Víctor Vargas Ramos, conocido como ‘Ana’, dejó una huella imborrable en la danza de la Kullawada, la gastronomía popular y los afectos de su comunidad.
Son las 18.45 del 21 de diciembre de 2024, día de la celebración a la Illapacha, tiempo de gratitud por la primera siembra, inicio del ciclo femenino, de las lluvias y la fertilidad. Estoy sentado junto a la ventana, empañada por las gotas de este líquido vital; la melancolía me atrapa, hay mucho que agradecerle a la vida. Me reconforta haber participado, horas antes, en las ceremonias rituales dedicadas a las deidades de la abundancia. Inauguramos el centro ceremonial en el mirador Laikakota, en la ciudad de La Paz. Fue un día cargado de símbolos, de emociones profundas.
Mientras repaso lo sucedido, reviso mi celular y encuentro un mensaje. Remite Fernando Ladislao Gil y dice: “David, buenas tardes. Mi tío acaba de fallecer. Le llamaban ‘Ana’, seguro te acuerdas. Tal vez te interese saber más sobre él”. La familiaridad con la que escribe me compromete rápidamente a conectar mi memoria con la de ‘Ana’ –claro que la conozco– y, en ese momento, invaden en mí los recuerdos de la historia de Zenón Quispe Ventura, conocido como ‘Mónica’. En su honor escribí una crónica dedicada a esta matriarca de la zona de Callapa, fallecida el 17 de julio del 2020.
‘Mónica’ fue amiga entrañable, hermana del alma y cómplice de vida de ‘Ana’, de quien ese día supe que también había abandonado este plano terrenal. Seguramente para unirse a ella y seguir bailando juntas de awilas en la Kullawada Celestial, girando sus polleras como estrellas en la constelación sideral. Cuando escribí sobre ‘Mónica’, me había comunicado con ‘Ana’ para contarle que estaba preparando una semblanza sobre su yunta, su amiga cercana e inseparable.
Le dije que, en esa historia, ella también estaba presente, y que quería seguir escribiendo sobre ambas. Pero los tiempos de pandemia, los compromisos laborales y otros percances impidieron que nos reuniéramos. La tristeza se apodera de mis pensamientos. ¿Cómo puedo resarcir esta ausencia?.
Después de agradecer el mensaje a Fernando, le pido que me permita escribir sobre su tío, contar su vida, sus aportes a la cultura y a la danza de la kullawada. Con generosidad, el buen sobrino se compromete a compartir fotografías recuperadas y fragmentos de historia que él conoce.
Son esas memorias las que ahora les comparto en este texto, colmado de afecto y gratitud.
VÍCTOR VARGAS RAMOS (‘ANA’)
Nació el 6 de marzo de 1950 en la ciudad de La Paz. En su carnet de identidad figura con la profesión de gastrónomo y como lugar de residencia la comunidad de Chicani, una zona agrícola que, pese a estar conectada con sectores urbanos de la ciudad, aún conserva muchas costumbres rurales.

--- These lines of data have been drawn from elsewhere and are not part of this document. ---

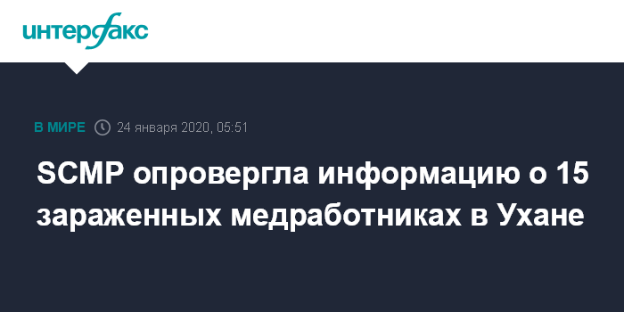 SCMP опровергла информацию о 15 зараженных медработниках в Ухане
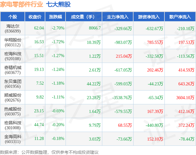 个股表现方面,家电零部件行业当日领跌股为海达尔(836699),该股当日报收62.04,下跌2.7%,成交量8067.0,主力资金净流出329.66万元。华翔股份(603112)以下跌1.72%紧随其后,该股当日成交量10.39万,主力资金净流出983.07万元。除此之外,宏海科技(920108)、奇精机械(603677)、东贝集团(601956)均进入当日熊股之列。具体个股列表见下表:
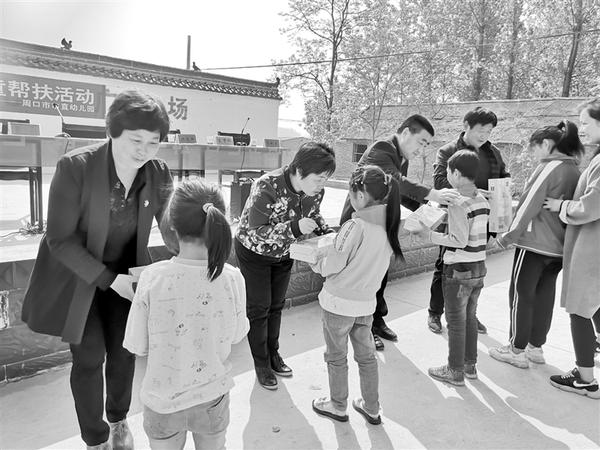 4月13日上午,市直幼儿园园长郭蕊到西华县皮营乡皮营行政村开展关爱留守儿童帮扶活动,为20位贫困留守儿童赠送了护眼台灯。
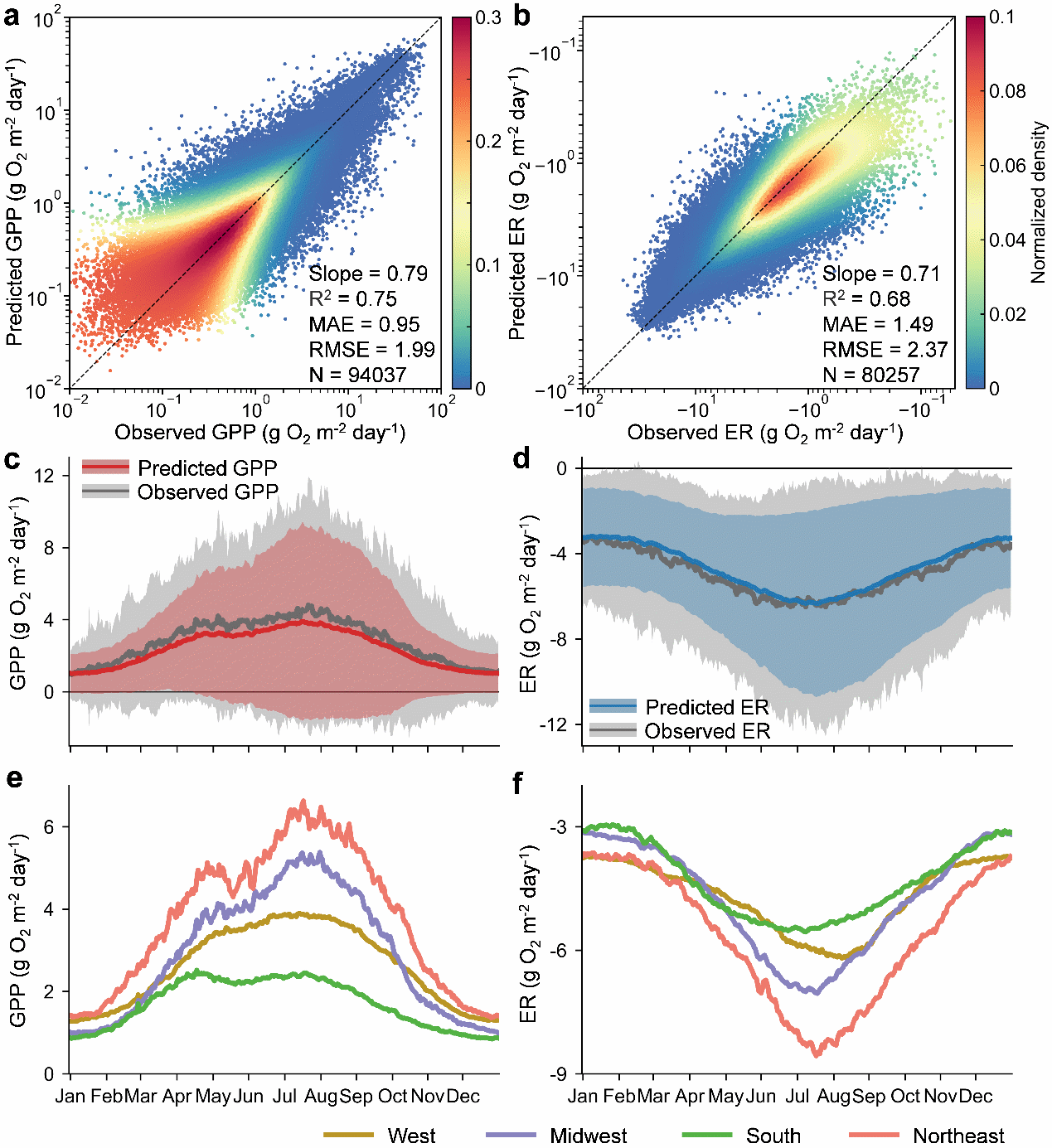 图1. 美国河流新陈代谢动态特征
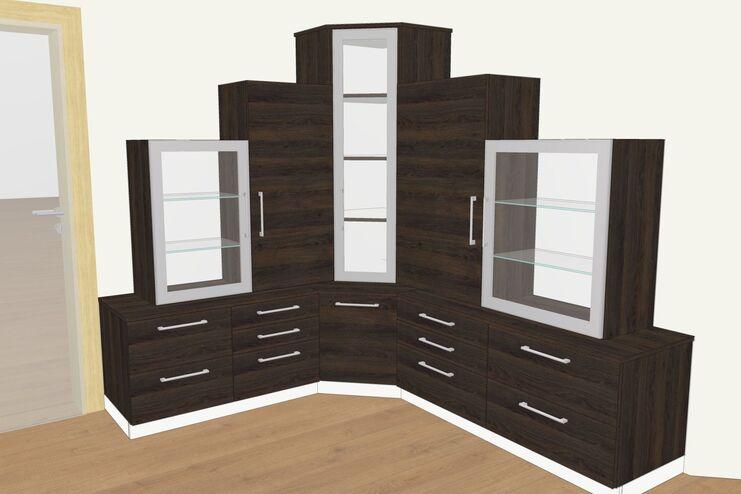 Wohnzimmerschrank über zwei Wandseiten mit Vitrinen

Tuvo una vida difícil. Quedó huérfano de madre siendo muy niño: ella murió de cáncer, dejando a su esposo con la responsabilidad de criar a Víctor y a su hermana menor. Su padre, benemérito de la Guerra del Chaco, se volvió a casar con una mujer que se convertiría en la madrastra de ambos. La hermana menor de Víctor se llamaba Filomena Vargas, madre de Fernando, sobrino de ‘Ana’, quien nostálgico comparte este conmovedor recuerdo:
“Mi tío deja historias muy profundas en mi familia. Vivió hasta los 13 años con su papá y la nueva familia que este había formado, pero nunca llegó a sentirse en casa. El maltrato que recibía —seguramente por su diferencia— lo llevó a tomar la dura decisión de marcharse, dejando a su hermanita, mi mamá, con esa familia. Ella tampoco recibió buen trato y escapó muy joven. Me contó que, al salir de su casa, bajó sin mirar atrás desde el barrio La Portada hasta Sopocachi, sin rumbo. Al llegar al mercado Sopocachi, conoció a una señora que vendía frutas. Como enviada de Dios, esa mujer se convirtió en su protectora, su madrina, y le enseñó el valor del trabajo y del cuidado. Más adelante, mi mamá se casó con mi papá, y desde entonces comenzó una intensa búsqueda por su hermano mayor, a quien no veía desde niña. Con el tiempo, emocionada, lo encontró: Víctor ya había construido su vida en Chicani. Desde ese momento, comenzamos a visitarlo junto a mis hermanos. Pero la vida volvió a golpearnos: mi mamá también murió de cáncer. Otra vez la muerte separaba a los hermanos, y mi tío quedó triste. Nosotros, huérfanos. Mi tío Víctor siempre fue muy amoroso, especialmente conmigo. Me cocinaba, me compraba ropa… incluso me pidió que fuera a vivir con él porque no me veía bien con mi papá. Cuando me sentía desconsolado en casa, iba donde mi tío”.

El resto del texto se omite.